Try to forget everything you know about Brownian motion.
You are told there is a process called Brownian bridge on $[0,1]$. It is Gaussian with mean $0$ and covariance $s(1-t)$ for $s<t$ and can be written as $B_t=W_t - tW_1$ where $(W_t)$ is a continuous process with $W_0=0$, called Brownian motion. Of course, from what you were told about the Brownian bridge, you know that $(W_t)$ is Gaussian with mean $0$ (this is not true, see remark of John Dawkins and EDIT below).
You are told $(B_t)$ is Markov with regard to its own filtration. How would you show that $(W_t)$ is Markov with regard to its own filtration ?
EDIT: In light of the remark of John Dawkins, we should indeed say that $(W_t)$ is itself Gaussian with mean $0$, otherwise, other processes than the real Brownian motion could be solution of $B_t = W_t - t W_1$.
You don't need to be told that $(B_t)$ is Markov; this follows from the form of the covariance function.

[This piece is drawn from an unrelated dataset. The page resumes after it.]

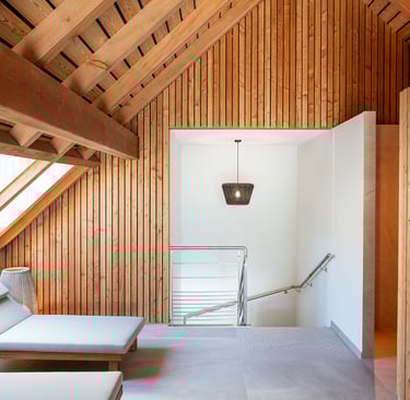 Mission : Photographie de la charpente bois de l'extension SPA et des différents bardages et habillages bois réalisés pour l'hôtel

Why does it follow from $B_t=W_t-tW_1$, $0\le t\le 1$, that $(W_t)$ is Gaussian, or even that $E[W_t]=0$?
If $(W_t)$ is one solution of $B_t=W_t-tW_1$, $0\le t\le 1$, then so is $\tilde W_t:=W_t+tZ$, where $Z$ is any random variable on the probability space where $B$ and $W$ are defined. If $Z$ were to depend on the "future" of $W$ in some way, this might disturb the Markov property of $\tilde W$.